In a development which could halt the recent rally of sugar stocks, the Commerce Ministry underscored that it was not looking at hiking import duty on sugar, as the ministry had yet not received any proposal in this regard.
This clarification came from the Ministry right after Food minister Ram Vilas Paswan asserted the government was examining sugar industry's demand to increase the import duty to 40% from 15%, to support local prices to help mills clear dues to cane growers. He also added that petroleum ministry would also examine the issue of increasing the percentage of ethanol blending in petrol for reviving the sugar industry.

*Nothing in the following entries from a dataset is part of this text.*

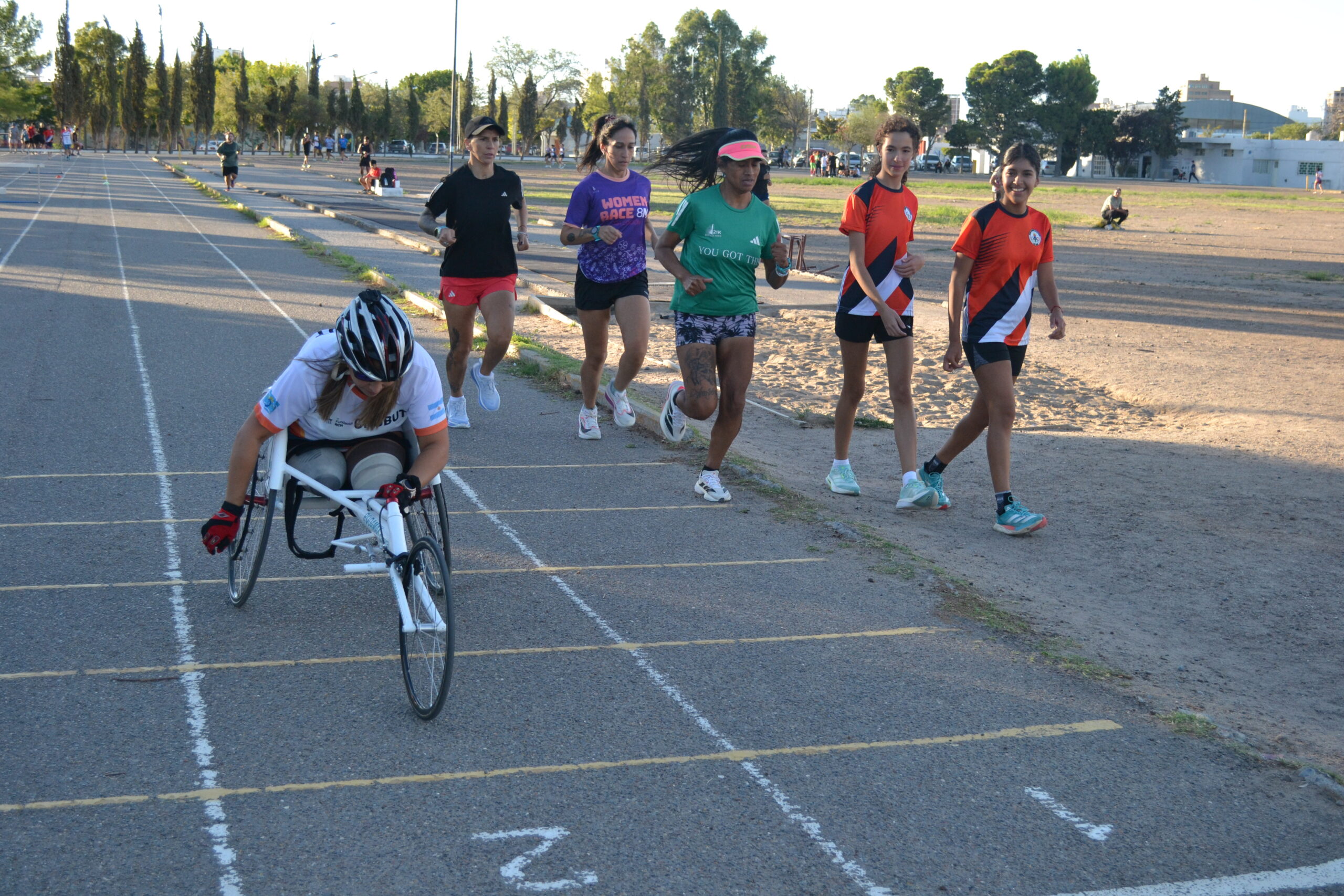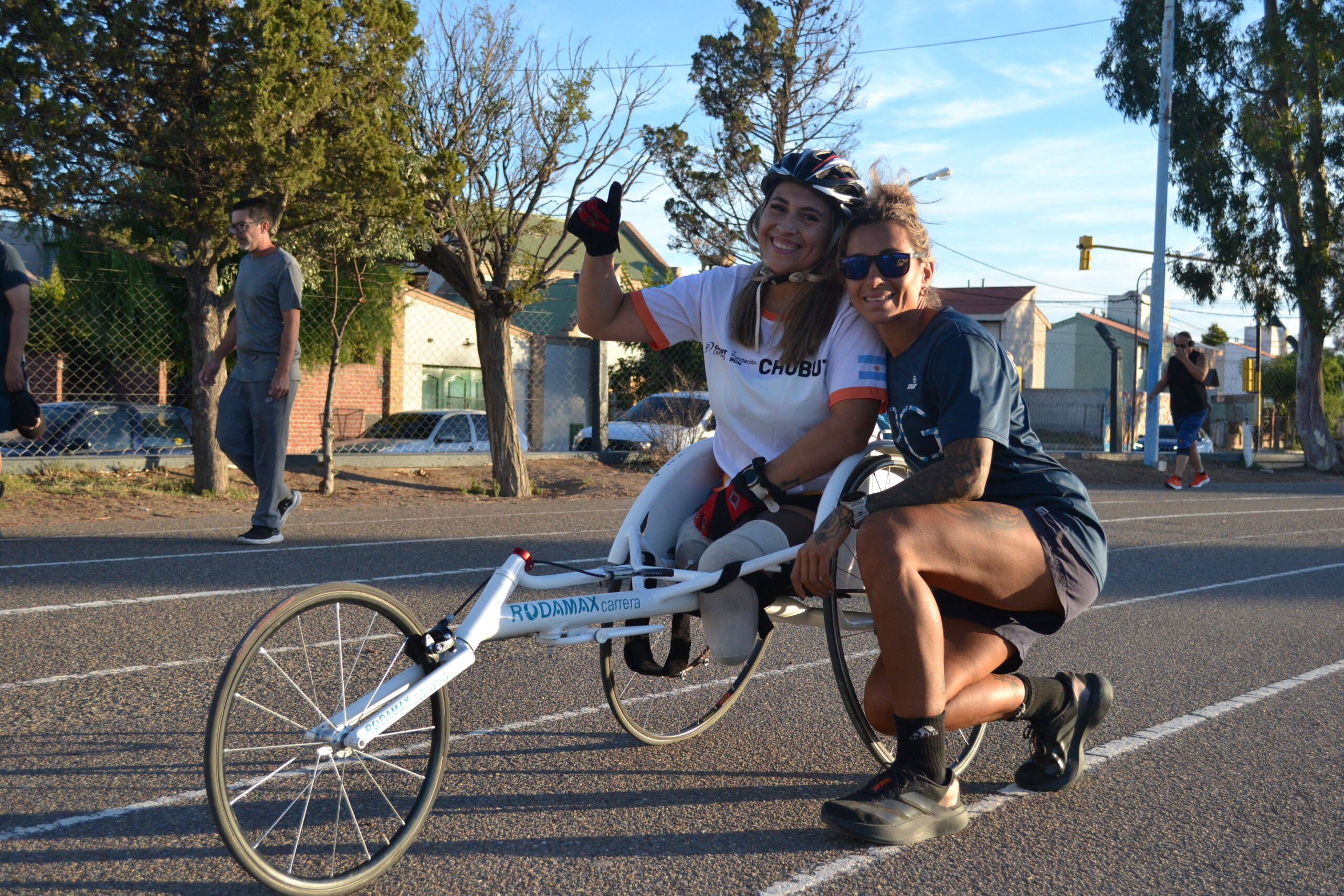 “El domingo pasado en el Día de la Mujer estuvimos en la carrera de los 4k, hicimos la primera carrera y me sentí muy cómoda, había un poco de viento que se hizo sentir, es algo nuevo para mí esta silla, pero todo perfecto por suerte. Estoy muy feliz, hace muy poquito empezamos la pretemporada, es la primera vez que la hago acá en la pista de atletismo con ‘Vanshi’ Thomas, también está Silvana Caraballo de Chubut Deportes, estoy muy agradecida con Chubut Deportes por traerme la silla para poder salir a competir, probar otras cosas, incursionar en este deporte para mí va a ser todo nuevo”, contó.
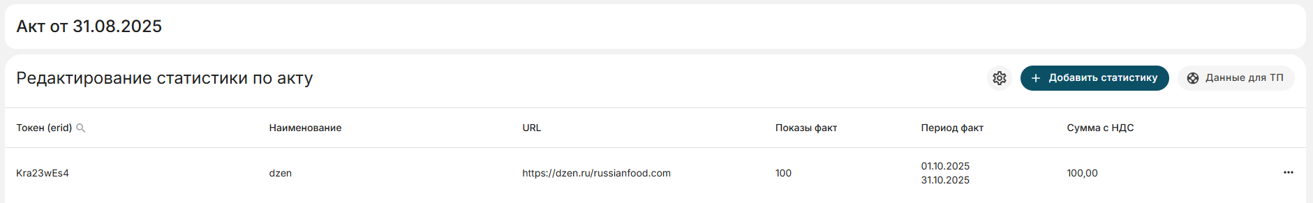 Если вы ранее передали к акту строку "erid + http://test.ru + CPM + 01.12.2023 - 10.12.2023 - 100 показов",
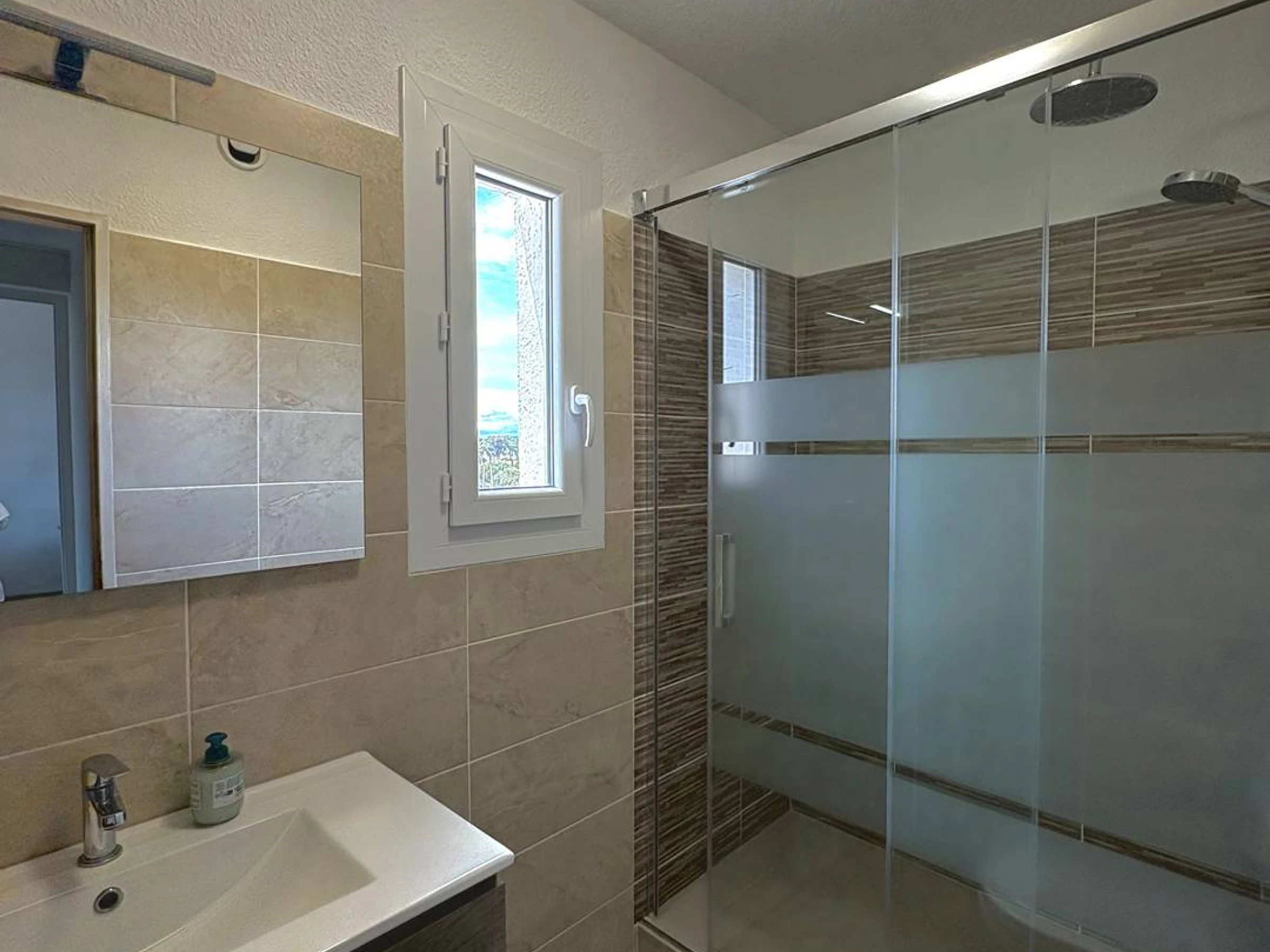 Das Badezimmer verfügt über Waschbecken, Dusche und WC.
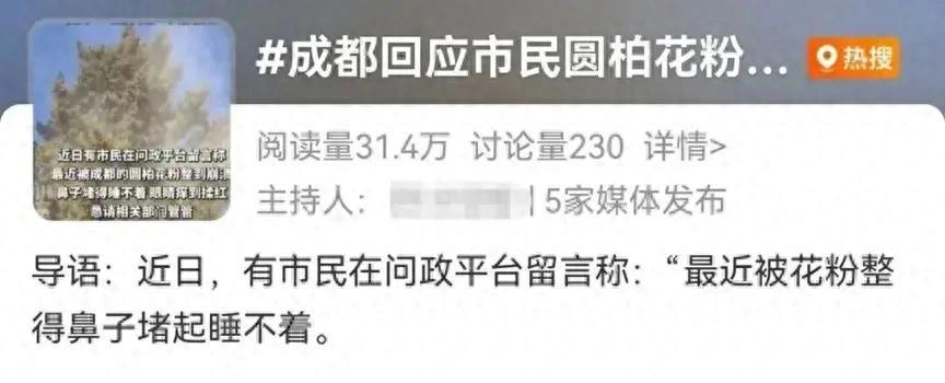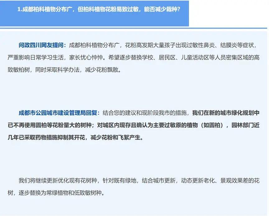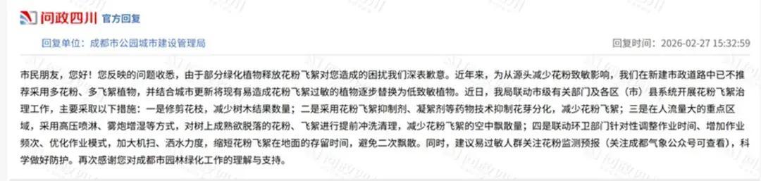 針對市民訴求,成都市公園城市建設管理局作出回應,近日聯動市級有關部門及各區(市)縣系統開展花粉飛絮治理工作。
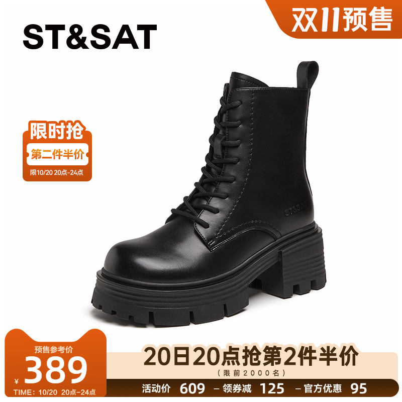达芙妮黑色马丁靴女款 皮靴厚底炸街英伦风增高靴子女短靴 2025秋季

On concerns of move being compliant with regulations under World Trade Organization (WTO), the Commerce Ministry underscored that country will not be off the mark on hiking import duty as WTO will allow putting temporary curb, if it was on the premise of domestic availability of the product. Back in March, few WTO members, including Australia, asked India to remove immediately the export subsidy of Rs 3,300 a tonne on raw sugar, claiming it could distorts the global trade.
Some recent reports also suggested of government mulling a proposal for providing additional interest-free loans of Rs 4,400 crore, over the granted Rs 6,600 crore to cash-starved sugar mills to clear dues to cane farmers. The bailout package for sugar industry was discussed in the meeting attended by Transport Minister Nitin Gadkari, Women and Child Development Minister Maneka Gandhi, Agriculture Minister Radha Mohan Singh and others.
Currently, sugarcane arrears stand at about Rs 11,000 crore across the country, with the maximum of Rs 7,200 crore in Uttar Pradesh, according industry body, Indian Sugar Mills Asssociation.